Dans une série de photographies totalement inédites, Cesare Di Liborio qui s’est montré attentif à un moment de son œuvre au monde des objets, entreprend de montrer une sélection de vues toutes extraites de son «chez soi». Au cours de cette expérience visuelle, il ne cherche pas à nous faire connaître sa maison ou même son intimité, mais, aussi étrange que cela puisse paraître, il vient nous faire partager sa découverte d’un autre monde, d’un monde modifié par l’expertise photographique.

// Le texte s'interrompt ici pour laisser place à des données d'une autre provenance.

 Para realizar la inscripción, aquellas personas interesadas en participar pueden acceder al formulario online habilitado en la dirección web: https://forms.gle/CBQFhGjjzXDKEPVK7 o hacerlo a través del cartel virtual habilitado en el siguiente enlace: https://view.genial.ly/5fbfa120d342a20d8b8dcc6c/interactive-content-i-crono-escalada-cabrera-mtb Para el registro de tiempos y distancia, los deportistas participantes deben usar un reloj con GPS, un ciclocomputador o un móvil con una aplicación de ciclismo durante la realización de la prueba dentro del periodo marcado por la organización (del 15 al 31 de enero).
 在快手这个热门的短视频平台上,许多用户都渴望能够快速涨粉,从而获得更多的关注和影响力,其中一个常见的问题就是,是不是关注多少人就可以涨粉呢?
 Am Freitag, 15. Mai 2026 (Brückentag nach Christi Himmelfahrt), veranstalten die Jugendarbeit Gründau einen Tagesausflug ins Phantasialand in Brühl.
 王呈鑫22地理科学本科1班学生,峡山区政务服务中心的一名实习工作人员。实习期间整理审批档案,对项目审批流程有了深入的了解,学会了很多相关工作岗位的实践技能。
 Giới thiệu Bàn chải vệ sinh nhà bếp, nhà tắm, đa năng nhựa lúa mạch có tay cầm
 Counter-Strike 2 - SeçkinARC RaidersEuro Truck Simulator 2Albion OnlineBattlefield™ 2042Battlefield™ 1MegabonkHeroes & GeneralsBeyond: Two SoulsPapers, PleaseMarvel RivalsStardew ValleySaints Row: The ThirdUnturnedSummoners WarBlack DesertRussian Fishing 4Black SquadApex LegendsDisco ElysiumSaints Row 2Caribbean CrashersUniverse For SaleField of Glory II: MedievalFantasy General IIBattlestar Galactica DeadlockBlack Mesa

Cette exploration par l’objectif photographique jalonne des endroits communs à tout intérieur : la cuisine, les chambres, les salles de toilette, tous ces lieux où un équilibre stable s’est instauré au gré de gestes chaque jour répétés, Mais il apparait très vite que les cadrages qui y sont opérés font surgir des zones de déséquilibre qui défient l’ordre des choses et imposent de nouveaux repères. Tout d’abord une reconsidération de la notion d’objet.

Tantôt l’objet usuel perd son identité parce qu’il est tronqué et, n’étant plus reconnaissable que par l’un ou l’autre seulement de ses composants, il devient la partie d’un nouveau tout recomposé par la photographie. Saisi par son angle supérieur droit, le cintre du valet de nuit, par exemple, amorce une métamorphose : il s’impose comme un idéogramme à la suite de petites écritures apposées au mur par les tortillons d’une lumière filtrée par des rideaux. A l’angle de deux murs, une applique lumineuse, séparée du bas de la pièce quelle éclaire, se présente comme un bénitier dans une atmosphère recueillie.

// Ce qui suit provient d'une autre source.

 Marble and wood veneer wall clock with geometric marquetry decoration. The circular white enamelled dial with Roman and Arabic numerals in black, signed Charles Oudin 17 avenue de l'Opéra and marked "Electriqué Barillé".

Tantôt l’objet recadré perd sa valeur d’usage et tend à faire rayonner son autonomie, On reconnaît ainsi à peine les pieds métalliques d’une table à repasser qui, dans un contre-jour, composent avec une rallonge électrique une œuvre d’art informel. Dans un autre plan, un robinet semble à lui seul projeter une lumière intense sur la vasque d’un lavabo.

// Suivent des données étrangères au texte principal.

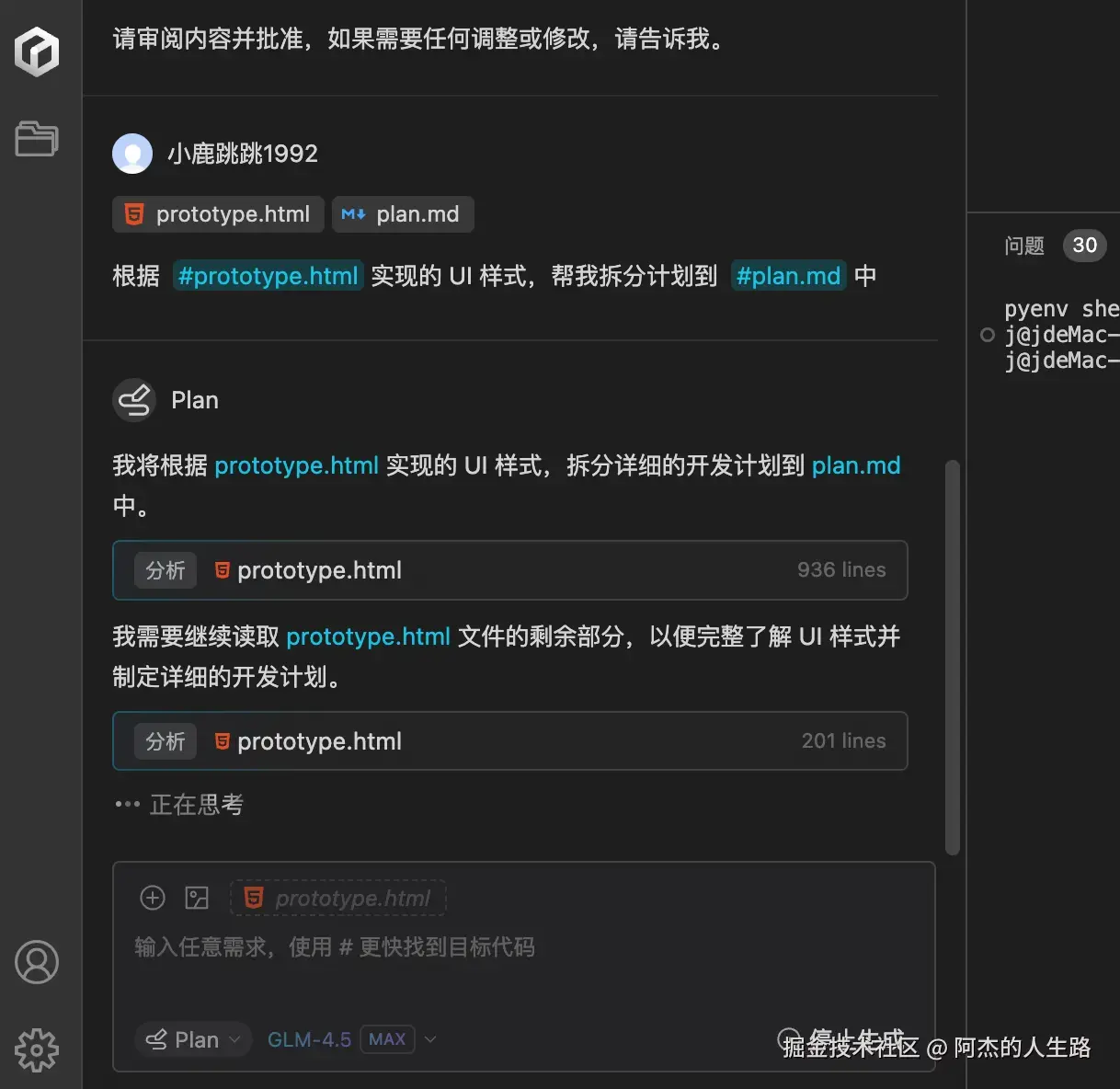 然后我们让他自主生成计划并实现。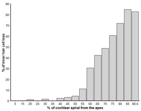 Loss of inner hair cells along the left cochlear spiral, represented in percentage from the apex. The number of inner hair cells was calculated for each 5% increment of the cochlear length.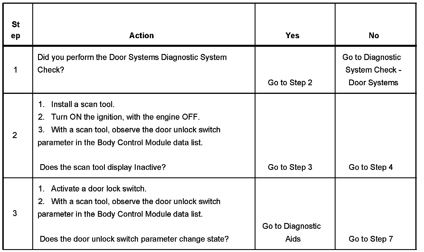 2. Tests to determine if the short to ground in the driver door lock switch unlock signal circuit is present.
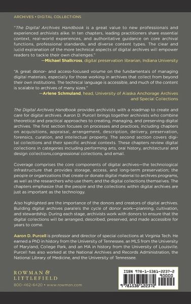 Introduction, by Aaron D. Purcell Part I: Processes and Practices Chapter 1: Acquisitions, Appraisal, and Arrangement Lisa Calahan Chapter 2: Description and Delivery Dorothy Waugh Chapter 3: Digital Preservation Bertram Lyons Chapter 4: Digital Forensics and Curation Martin Gengenbach Chapter 5: Contracts, Intellectual Property, and Privacy Heather Briston Part II: Collections and Environments Chapter 6: Performing Arts Collections Vincent J. Novara Chapter 7: Oral History Collections Douglas A. Boyd Chapter 8: Architectural and Design Collections Aliza Leventhal Chapter 9: Congressional Collections Danielle Emerling Chapter 10: Email Matthew Farrell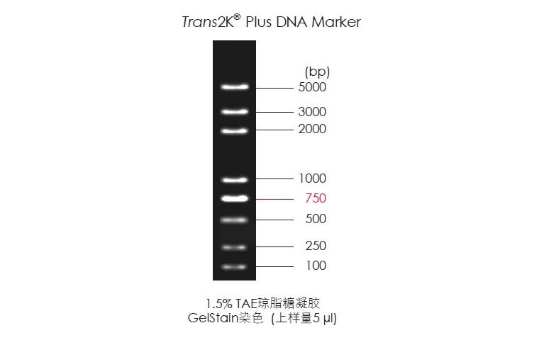Trans2K?Plus DNA Marker由8條線狀雙鏈DNA條帶組成,適用于瓊脂糖凝膠電泳中DNA條帶的分析,不建議用于聚丙烯酰胺凝膠電泳。本產(chǎn)品為即用型產(chǎn)品,已含有1×Loading Buffer,直接取5 μl電泳,使用方便,電泳圖像清晰。其中750 bp條帶濃度為100 ng/5 μl ,顯示亮帶,其余條帶濃度均為50 ng/5 μl。便于準確判斷目的產(chǎn)物DNA的量。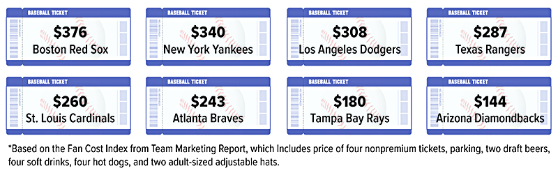 The average cost of taking a family of four to a Major League Baseball game during the 2021 season was $253. Costs varied across the league, with Red Sox fans paying the most and Diamondbacks' fans paying the least.*

Chaque cadrage délimite un objet d’une espèce nouvelle, ou plutôt un objet redéfini dans un contexte choisi par la photographie : il s’agit, en quelque sorte, d’une pratique de transfiguration. Le tour de force ou de magie du photographe est de ne pas être sorti de chez lui pour réaliser un sujet sans personnages, sans autre présence que le milieu dans lequel il a l’habitude de vivre alors même que la quotidienneté est réputée indésirable. Il parait évident, en effet, que le décor de notre quotidien ne vaut pas la peine que nous le visitions, qu’il mérite encore moins que nous le fixions d’un regard plein de désir, parce qu’il est constamment à la disposition de notre perception, entièrement adapté à nos fins utilitaires et pour cela toujours déjà vu avant même que nous le percevions. Sa transfiguration suppose que nous transformions notre propre comportement au point que notre regard devienne une incursion de l’étrange au plein cœur du familier.

C’est ce que réalise Cesare Di Liborio en récupérant pour son univers intime la puissance d’étonnement que son regard a su développer pour de tout autres sujets, Plus complexe que l’autoportrait. le voyage à l’intérieur de chez soi suppose que le photographe s’excepte des conditions même de sa propre présence dans ses aitres. Il montre par là que tout le visible est passible d’une conversion au poétique et que l’art du photographe est de conférer un mode d’existence singulier aux choses les plus anodines, La photographie, en effet, est génératrice d’espaces de lisibilité différents de ceux qui se trament habituellement entre les mots et les choses de notre quotidien.